A year ago today Ian Tomlinson died. He was the latest in a long line of people who have died at the hands of the police. Also on that day hundreds of people were assaulted by police using batons and shields, and thousands were denied the right to move around their city and forced into ‘kettles’, again this is part of very long history of police activity that shows that the attitude of police is not that they are their to uphold the law, but that they ARE the law, and the people are, albeit to varying degrees, outside it.
At a vigil for Ian Tomlinson the next day a video camera caught an incident in which Sgt Delroy Smellie slapped and then hit a young woman with a baton, so far he has been the only police officer to face charges, yesterday he was acquitted of assault, Judge Wickham said: “I am satisfied he honestly believed it was necessary to use force to defend himself.”. In a way the acquittal of Sgt Smellie was correct – the police as a group are taught to fear everyone in these kind of situations and to expect the worst, they are given the tools to deal with this (physical, psychological and legal) and, unsurprisingly, they use them.

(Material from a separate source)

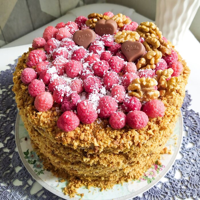 Шли годы, пеклись торты... Я по-прежнему делала их вкусными. Внешний вид даже становился чуть лучше. Здесь я стала хотя бы обрезать коржи по тарелке)) Правда, перед выпечкой, а не после, как надо.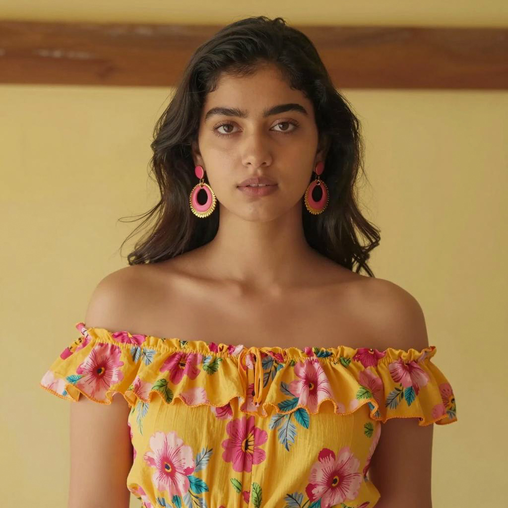 Portrait of a young woman with medium skin tone and dark braided hair, wearing a yellow dress featuring colorful floral embroidery on the chest. She accessorizes with vibrant round earrings, a red flower tucked behind her ear, and stands against a bright floral-patterned background, looking slightly to the side with a neutral expression.

The officers dealing with Ian Tomlinson were in the same mindset, they were given no room for making sensible judgements as individuals because the culture of the body they are part of had already made its mind up. At protests there’s frequently an obvious macho culture among police, a strong ethic of ‘protecting their own’ and a relish at having the opportunity to put into practice some of the training that they don’t normally get to use. I would go as far to say that for many of the police officers, protests like this are a golden opportunity to ‘crack some heads’ with impunity. The lack of action over Tomlinson’s death and the acquittal of Smellie can only reinforce this.
In reaction to the media frenzy over these incidents (and make no mistake it was a reaction to media, and NOT to the events themselves) some sections of the police decided to make a very public showing of ‘softly softly’ policing. At the Climate Camp in August they were conspicuous by their absence, and the HMIC report made many suggestions of how to ‘adapt to protest’. But nothing has really changed – the police as a body still see people, social movements and protest as a threat to be managed, rather than a democratic necessity. And individual judgement of police officers is still suppressed as part of a groupthink that divides the world into us and them.